• [What to produce]
You are asked to reproduce the listing exactly and to omit its pictures.

• [Data]
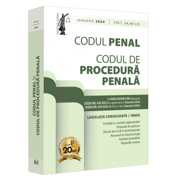 Volumul Codul penal si Codul de procedura penala: ianuarie 2024 cuprinde si: decizii ale Curtii Constitutionale; recursuri in interesul legii si hotarari prealabile; corelatii cu reglementarile anterioare; Legea nr. 6/2021 privind stabilirea unor masuri pentru punerea in aplicare a Regulamentului (UE) 2017/1.939 al Consiliului din 12 octombrie 2017 de punere in aplicare a unei forme de cooperare consolidata in ceea ce priveste instituirea Parchetului European (EPPO) (extras)Legea nr. 146/2021 privind monitorizarea electronica in cadrul unor proceduri judiciare si executional penale (extras)O.G. nr. 9/2021 privind stabilirea unor masuri de facilitare a utilizarii informatiilor financiare si a analizelor financiare in scopul prevenirii, depistarii, investigarii sau urmaririi penale a anumitor infractiuni; Legea nr. 172/2022 pentru ratificarea Protocolului nr. 16 la Conventia pentru apararea drepturilor omului si a libertatilor fundamentale, adoptat la Strasbourg la 2 octombrie 2013 si semnat de Romania la Strasbourg la 14 octombrie 2014; Legea nr. 173/2022 pentru adoptarea unor masuri necesare punerii in aplicare a Protocolului nr. 16 la Conventia pentru apararea drepturilor omului si a libertatilor fundamentale, adoptat la Strasbourg la 2 octombrie 2013 si semnat de Romania la Strasbourg la 14 octombrie 2014 (extras).
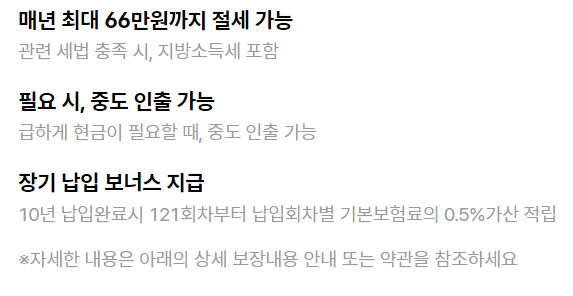 이 상품을 가입하면 매년 최대 66만원까지 절세가 가능하며, 급하게 현금 필요 시 중도인출도 가능합니다.
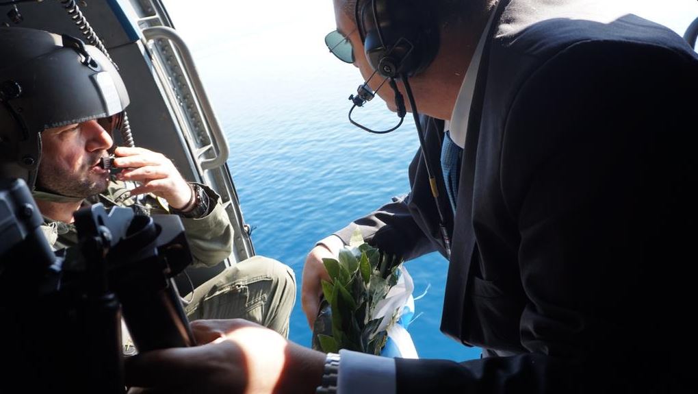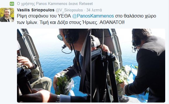 Ο υπουργός Εθνικής Άμυνας, Πάνος Καμμένος, πέταξε πάνω από την βραχονησίδα των Ιμίων και έριξε από ελικόπτερο στεφάνι στη μνήμη των θυμάτων των Ιμίων.
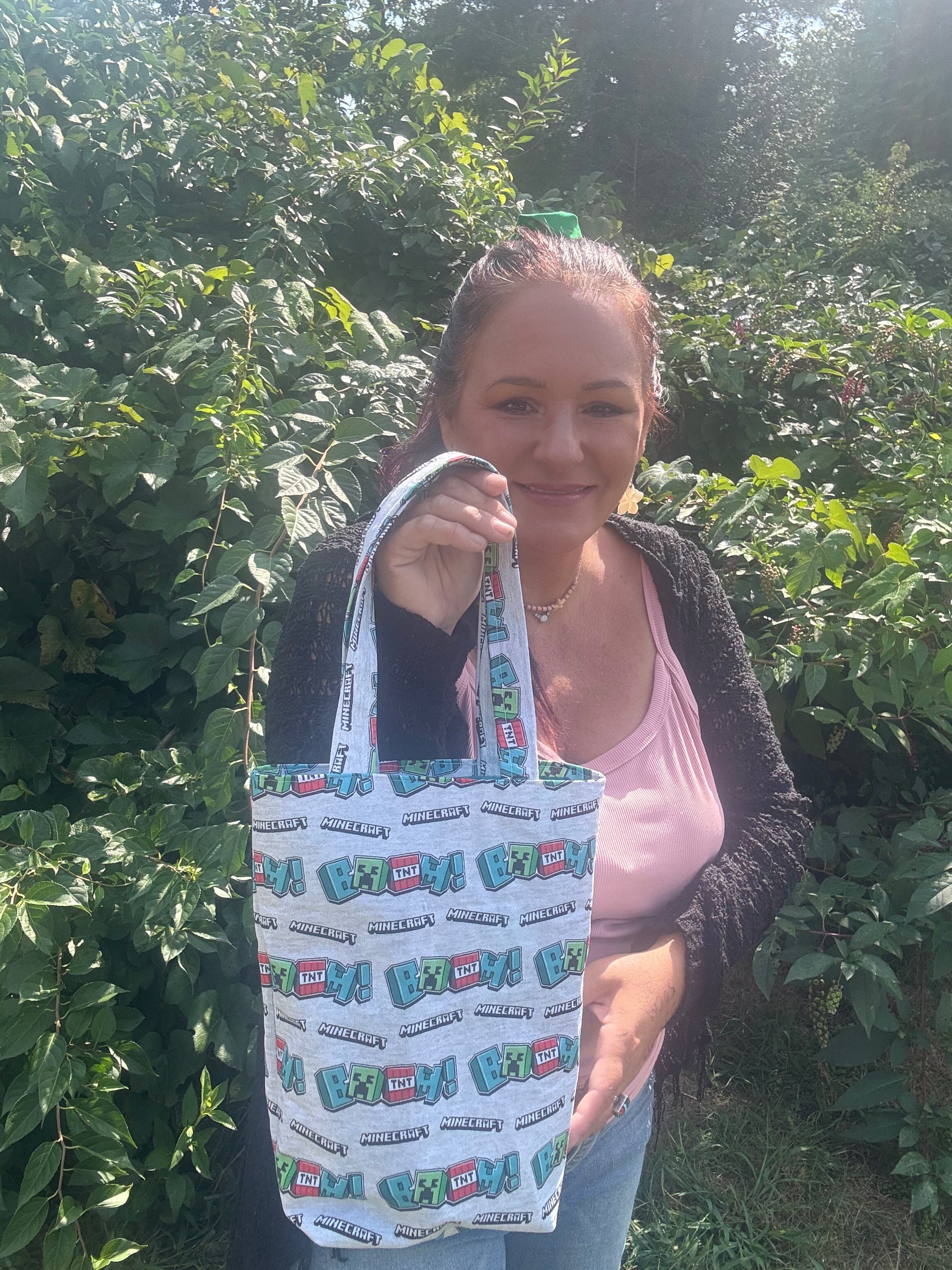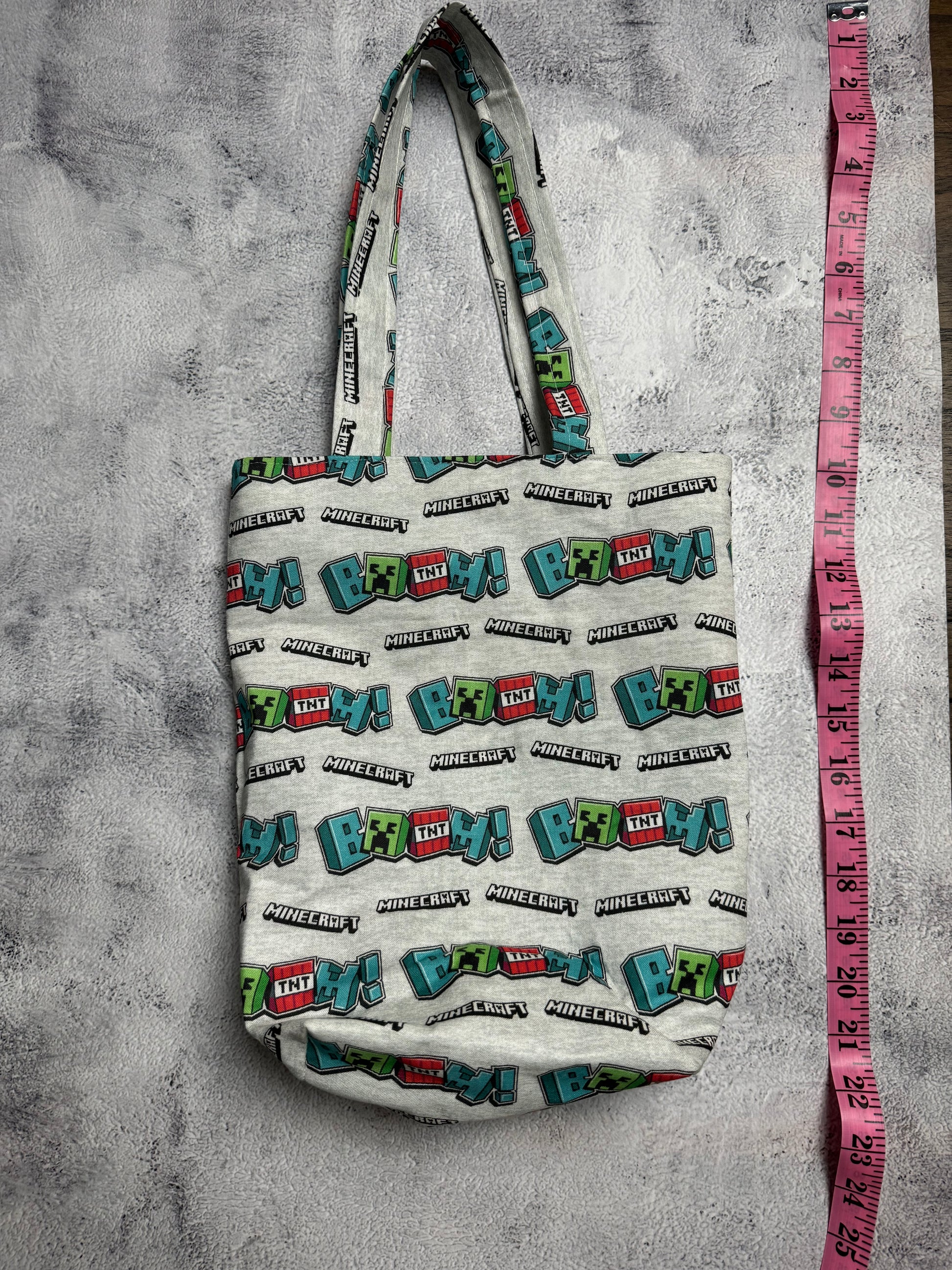 Carry your essentials in style with this fun Minecraft-themed small tote bag! Featuring iconic pixelated designs on the exterior and a vibrant blue lining inside, this tote is perfect for fans of the game. Whether you're heading out for a quick trip or need a compact carry-all, this bag blends playful design with everyday practicality.

• [Finished task]
 Volumul Codul penal si Codul de procedura penala: ianuarie 2024 cuprinde si: decizii ale Curtii Constitutionale; recursuri in interesul legii si hotarari prealabile; corelatii cu reglementarile anterioare; Legea nr. 6/2021 privind stabilirea unor masuri pentru punerea in aplicare a Regulamentului (UE) 2017/1.939 al Consiliului din 12 octombrie 2017 de punere in aplicare a unei forme de cooperare consolidata in ceea ce priveste instituirea Parchetului European (EPPO) (extras)Legea nr. 146/2021 privind monitorizarea electronica in cadrul unor proceduri judiciare si executional penale (extras)O.G. nr. 9/2021 privind stabilirea unor masuri de facilitare a utilizarii informatiilor financiare si a analizelor financiare in scopul prevenirii, depistarii, investigarii sau urmaririi penale a anumitor infractiuni; Legea nr. 172/2022 pentru ratificarea Protocolului nr. 16 la Conventia pentru apararea drepturilor omului si a libertatilor fundamentale, adoptat la Strasbourg la 2 octombrie 2013 si semnat de Romania la Strasbourg la 14 octombrie 2014; Legea nr. 173/2022 pentru adoptarea unor masuri necesare punerii in aplicare a Protocolului nr. 16 la Conventia pentru apararea drepturilor omului si a libertatilor fundamentale, adoptat la Strasbourg la 2 octombrie 2013 si semnat de Romania la Strasbourg la 14 octombrie 2014 (extras).
 이 상품을 가입하면 매년 최대 66만원까지 절세가 가능하며, 급하게 현금 필요 시 중도인출도 가능합니다.
 Ο υπουργός Εθνικής Άμυνας, Πάνος Καμμένος, πέταξε πάνω από την βραχονησίδα των Ιμίων και έριξε από ελικόπτερο στεφάνι στη μνήμη των θυμάτων των Ιμίων.
 Carry your essentials in style with this fun Minecraft-themed small tote bag! Featuring iconic pixelated designs on the exterior and a vibrant blue lining inside, this tote is perfect for fans of the game. Whether you're heading out for a quick trip or need a compact carry-all, this bag blends playful design with everyday practicality.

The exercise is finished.